Es ist ein sehr kluges Buch, nicht nur aufgrund der oben erwähnten authentischen Darstellung des dahinterliegenden Störungsbildes, sondern auch aufgrund der gesellschaftlichen Fragen, die es aufwirft: ist es legitim, unser eigenes Ende zu bestimmen? Sollen Institutionen dabei unterstützen? Welcher Teil in Menschen ist es, der so unbedingt sterben möchte, und sollten wir diesem zugestehen, die alleinige Entscheidung darüber zu treffen?
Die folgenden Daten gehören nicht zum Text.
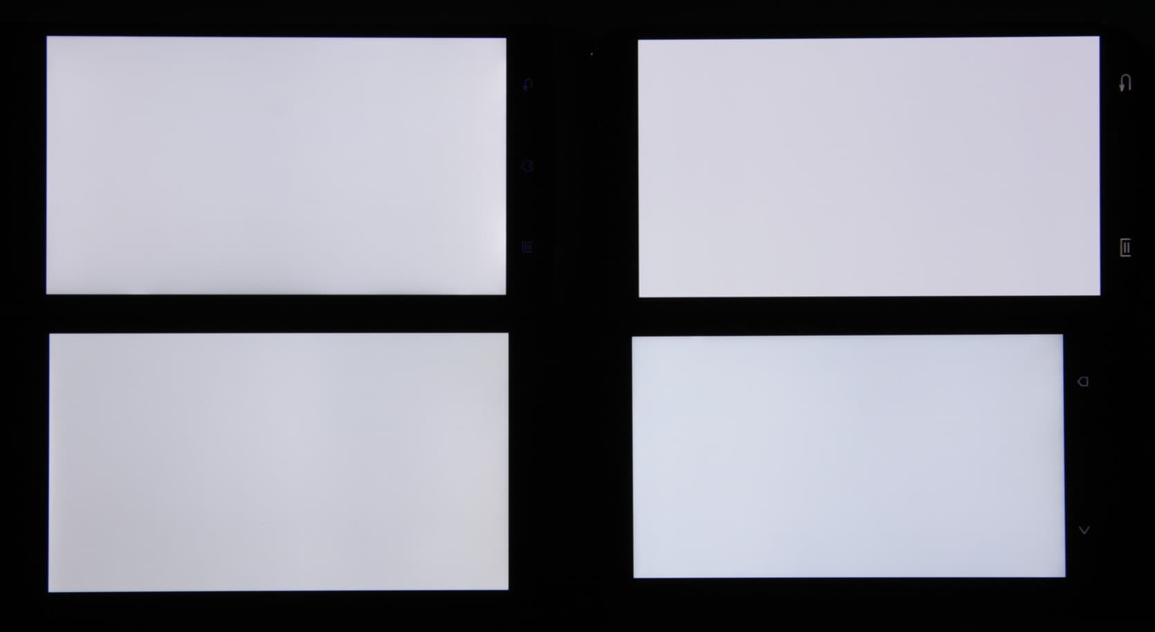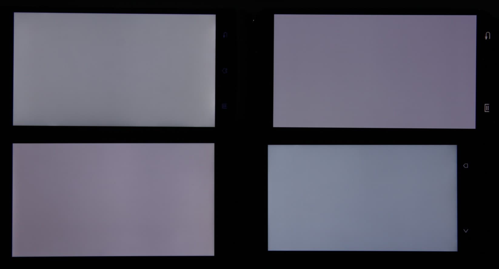 Какую-то оценку можно сделать и визуально, просто рассматривая эти фотографии, но мы опять прибегли к помощи графического редактора и определили средние цветовые координаты экранов в пространстве Lab. Чем меньше сумма отклонений координат a и b от 0, тем ближе оттенок к белому и серому цвету. Белый цвет в целом неплох у всех экранов, но чище он оказался у Sony Xperia Z, а «грязнее» — у Samsung Galaxy S4. Этот же экран занял последнее место и в тесте с серым экраном, но тут на первое место вышел Oppo Find 5. Если проанализировать приведенные в первой части графики с цветовой температурой и отклонением от спектра абсолютно черного тела (дельта Е), то, как ни странно, результаты аппаратного и «фотографического» теста между собой согласуются, так как именно на белом поле у Sony Xperia Z и цветовая температура близка к 6500 К, и дельта Е мало, а на сером все становится по-другому — дельта Е у Sony Xperia Z резко возрастает, тогда как у Oppo Find 5 оба параметра остаются более-менее в норме. Также оценим, как меняется белое поле при взгляде под углом к экрану (верхний ряд слева направо — HTC One и Sony Xperia Z, нижний ряд слева направо — Samsung Galaxy S4 и Oppo Find 5):

Und was ist, wenn der betroffene Mensch seinen Sterbewunsch wieder zu hinterfragen beginnt: nachdem er schon schriftlich zugestimmt hat, sich in der betreffenden Institution befindet und viele der Wunschsimulationen in Anspruch genommen hat?
Das Buch wurde völlig zu Recht für die Shortlist des Deutschen Buchpreises nominiert. Es ist anspruchsvolles, gut geschriebenes, originelles und sehr nachdenklich machendes Werk mit vielen klugen Gedanken, die Empathie für psychisch erkrankte Menschen fördern können.
Ich kann die Lektüre insbesondere jenen, die sich für aktuelle gesellschaftliche Entwicklungen und für das Innenleben depressiver oder bipolarer Menschen interessieren, und kein Problem mit einem fordernden, anstrengenden und oft niederdrückenden Lektüreerlebnis voll von Dunkelheit haben, sehr empfehlen. Es lohnt sich, durchzuhalten, man kann aus diesem Buch viel mitnehmen und es hallt lange nach.